I Manchester Orchestra avevano promesso un album più heavy, in cui ogni traccia fosse un fendente dritto in petto, e il quintetto statunitense non ha disatteso le aspettative, presentandosi con un quarto lavoro in studio che si delinea come il loro sforzo più riuscito. Abbandonate le atmosfere più trasognanti e i toni multisfaccettati del precedente “Simple Math”, ogni brano di “Cope” è di per sé un potenziale inno squarciapetto, che trascina in un valzer dell’empatia contemporaneo grazie alle liriche di Andy Hull, spesso criptiche, che si adattano alle realtà individuali con una naturalezza spiazzante che si può solo attribuire al talento compositivo.
La batteria che non trova sollievo, i riff intricati, la ritmica stringente, le melodie spaccacuore e un’oscurità che striscia e si infiltra tra le crepe sono gli elementi fondamentali di un apparato ciclonico, nell’ormai attestato stile “riempi-arena” dei Manchester Orchestra, bilanciato dal peculiare timbro vocale di Hull, un guanto di velluto per stringere un rovo spinoso, che si tramuta in puro strazio nelle parti vocali urlate. Hull non è certo uno scrittore da favolette a lieto fine, ma in “Cope” permea una forte determinazione e volontà di affrontare le difficoltà in positivo, in una meticolosa ricerca della via migliore per se stessi, un assetto mentale che segna proprio la genesi del disco e ne rappresenta la morale: senza un’etichetta e con una sezione ritmica completamente da rinnovare, ricalcificatasi nella possente ossatura di Andy Prince (basso) e Tim Very (batteria), i Manchester Orchestra sono riemersi da un tunnel pericoloso con un nerbo più robusto, presentandosi con un lavoro più maturo e che si espande verso nuovi orizzonti.
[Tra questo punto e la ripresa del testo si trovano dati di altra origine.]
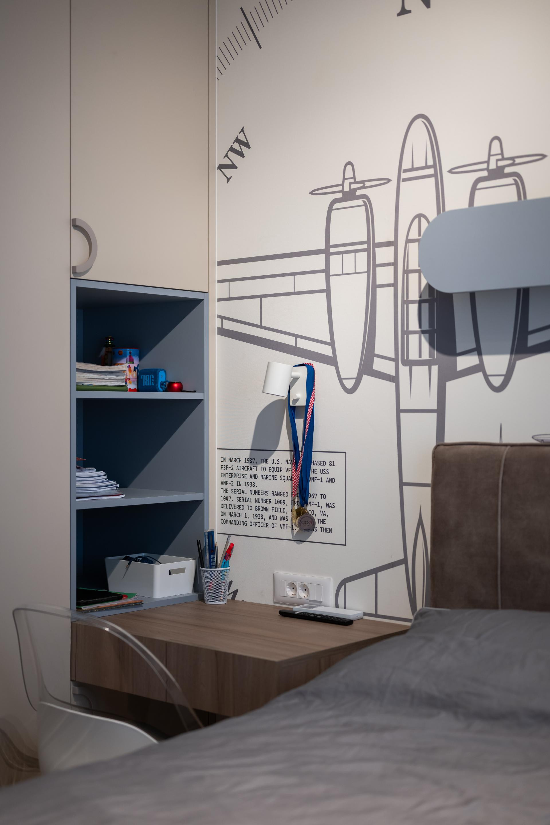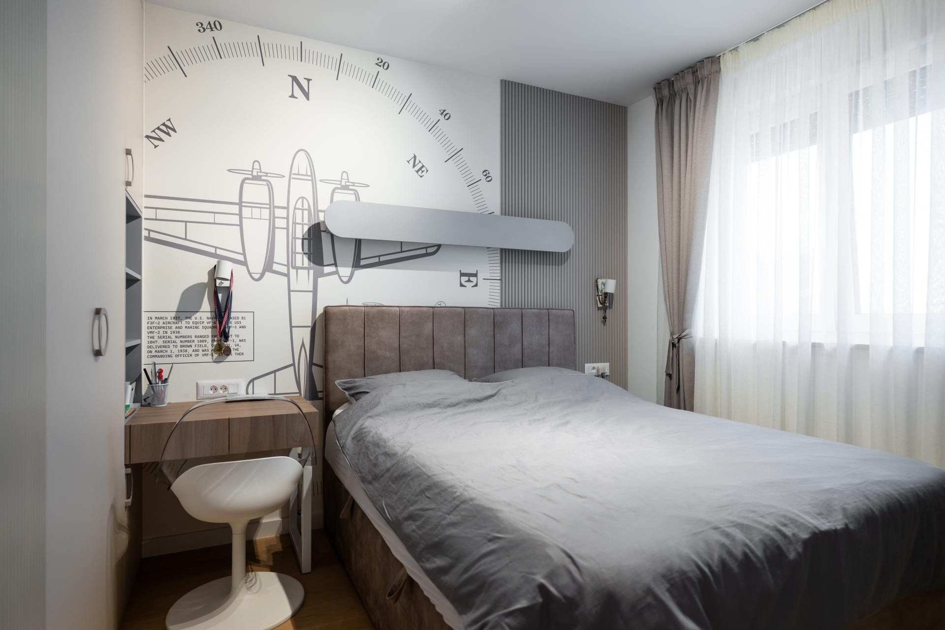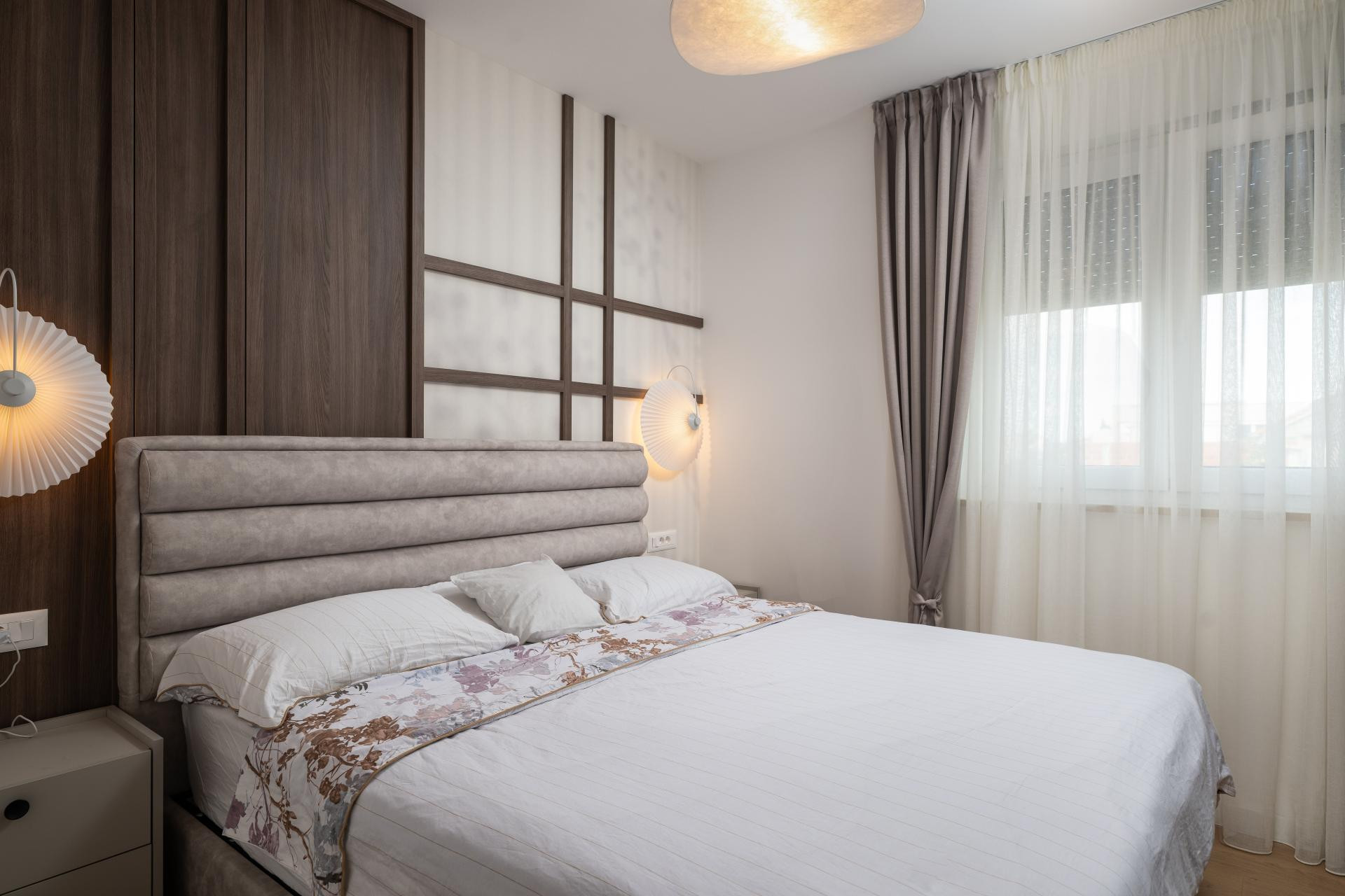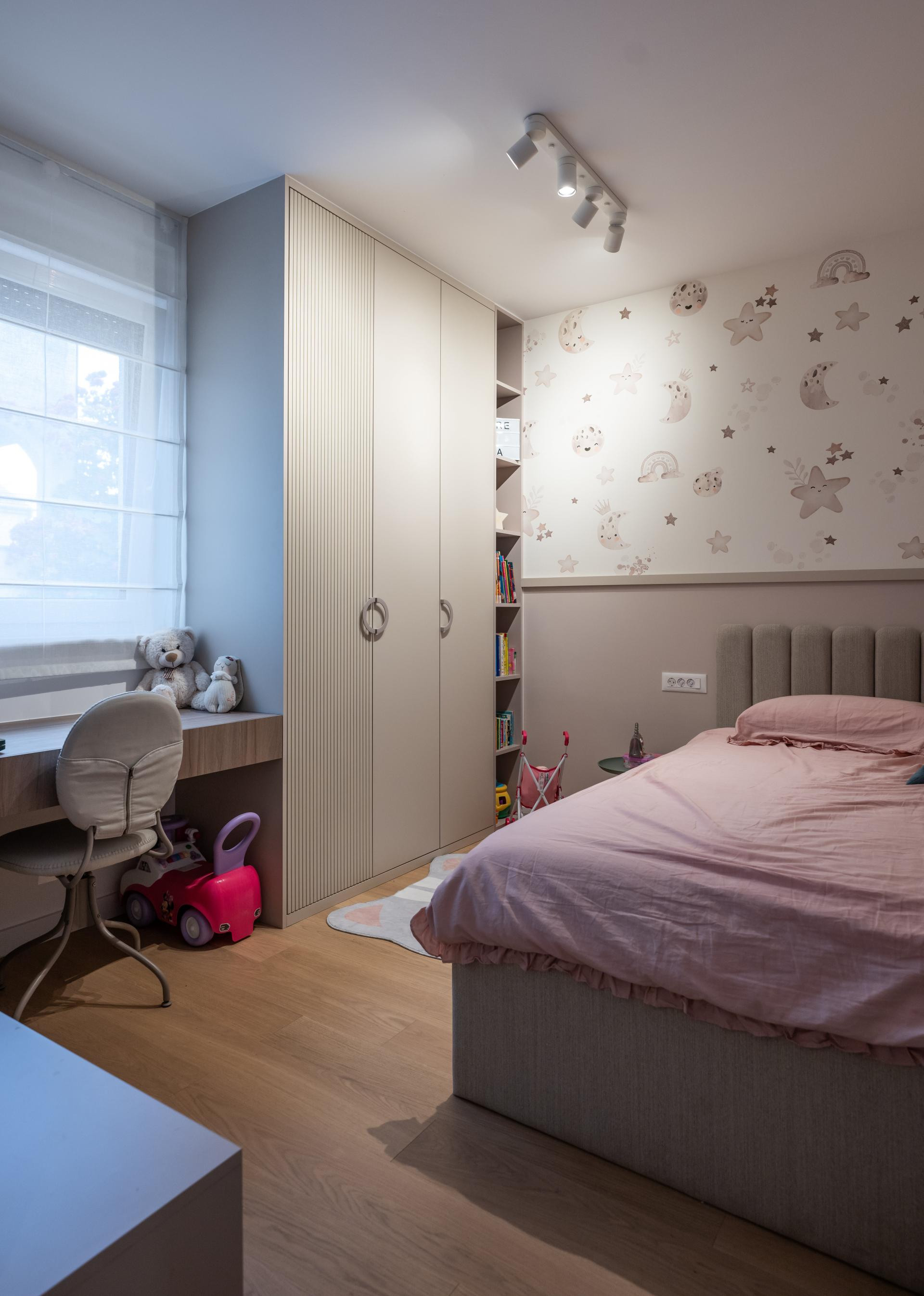 Dječje sobe su, pak, u potpunosti prilagođene mališanima i njihovim karakterima. Jedna je uređena za dječaka, u kombinaciji sivih, plavih i bež tonova, s razigranom zidnom tapetom s motivima aviona i kompasa brenda Wall LAB, koja prostoru daje poseban šarm i dinamiku. Soba djevojčice odiše nježnošću kroz blage roza i bež tonove. Iako je još mala, u prostor je Daniela Perica odlučila ugraditi i radni stol kako bi soba bila funkcionalna i u narednim godinama. Na zidu se također nalazi tapeta Wall LAB, koja zaokružuje cjelinu i unosi dozu razigranosti i topline. Glavna spavaća soba zamišljena je kao mirna oaza doma, prostor za odmor i opuštanje. Nježna zidna tapeta u kombinaciji s drvenim letvicama stvara toplu i umirujuću pozadinu, dok pažljivo odabrane zidne lampe i luster unose dašak japandi stila i dodatno naglašavaju profinjenu, smirenu atmosferu sobe.

L’intensità sonica del disco non cede di un passo traccia dopo traccia, talvolta ammicca al britpop (“The Mansion”), recupera la schematica semplicità del pop-punk di inizio millennio (“The Ocean”), si dirama in riff massicci e complessi (“Trees”), trovando solo un breve momento di respiro (“Indentions”) in un prodotto altrimenti interamente compresso. Proprio qui emerge la forza e la debolezza di un disco che balla sul rischioso ciglio dell’omogeneità: il susseguirsi di power chord rischia talvolta di fluire inosservato ad un ascolto distratto, amalgamando le undici tracce di “Cope” in un unico calderone primordiale, seppur comunicando tutta l’energia del caso. È solo ad un ascolto più ponderato che si coglie tutta l’intensità di un album composto come una somma di strati cui è necessario accedere per gradi: un peccato di immediatezza che viene compensato una volta superato l’inceppo iniziale, lasciando non solo i semi delle canzoni a crescere e fiorire nella propria testa ma anche con una vorace curiosità di esplorare questo nuovo aspetto dei Manchester Orchestra.